Dès sa création (1229) et durant plusieurs siècles, la mission de l’université fut avant tout de former les futurs cadres de l’Église, de la justice, et à moindre degrés les médecins. Elle est majoritairement un lieu de « reproduction des élites ». Mais, remarque Patrick Ferté, elle a aussi joué un rôle, certes minoritaire, d’ascenseur social : « on voyait des fils d’artisans, de notaires, d’huissiers, de chirurgiens (professions à l’époque très subalternes et non diplômées), voire des enfants de paysans, se hisser dans la société comme avocats au parlement, médecins ou prêtres gradués ». Quant aux femmes, il faudra attendre la fin du XIXe pour les voir entrer à l’université !

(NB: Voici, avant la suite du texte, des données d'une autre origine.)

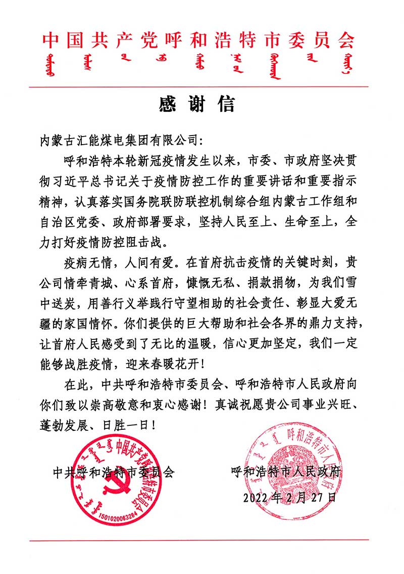 一封來自中共呼和浩特市委員會(huì)、呼和浩特市人民政府的感謝信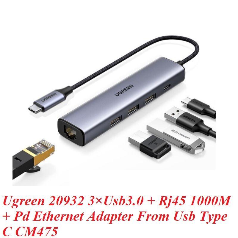 ✨Ugreen UG20932CM475TK 5 trong 1 USB type C ra Usb3.0 + Rj45 1000M gigabits Ethernet + Pd Adapter - HÀNG CHÍNH HÃNG

Entre temps, un tournant important s’opère sous la IIIème République : la recherche devient une mission officielle de l’université de Toulouse de pair avec l’enseignement. « Les chercheurs, qui jusqu’ici ne recevaient guère de soutien et devaient se débrouiller, notamment au sein de sociétés savantes, sont dotés de laboratoires, de bibliothèques, de lignes budgétaires spécifiques… » raconte Caroline Barrera, spécialiste de la période. Toulouse produira ainsi de grands noms dont les Nobels Paul Sabatier (1912) et Jean Tirolle (2014).
 

La vie étudiante toulousaine

« Le quartier latin toulousain [situé dans un quadrilatère joignant les Jacobins à l’église du Taur, à Saint Sernin et la rue Albert-Lautman] était, à l’époque moderne, jour et nuit perturbé par les frasques de ces jeunes gens au sang chaud et armés d’épées à deux mains ! » raconte Patrick Ferté. Et c’est toujours le cas après la Révolution confirme Caroline Barrera : « les autorités continuent de craindre l’agitation étudiante, à tel point qu’il faut attendre 1883 pour qu’ils aient le droit de fonder leurs associations étudiantes. C’est en 1886 que naît l’Association générale des étudiants de Toulouse, qui deviendra plus tard l’UNEF.
 

*Caroline Barrera et Patrick ferté (dir.), Histoire de l’université de Toulouse, Portet-sur-Garonne, Editions Midi-Pyrénéennes/Université fédérale de Toulouse, 2020. Vol. 1 Le Moyen Âge (J. Verger et P. Foissac, 346 p.), Vol. 2 L’époque moderne (P. Ferté), vol. 3 L’époque contemporaine (C. Barrera, dir., 768 p.).

Caroline Barrera est Maître de conférences en Histoire contemporaine à l'Institut National Universitaire Champollion et membre permanente de Framespa.

Patrick Ferté est enseignant-chercheur émérite en histoire moderne à l’Université Toulouse-Jean Jaurès.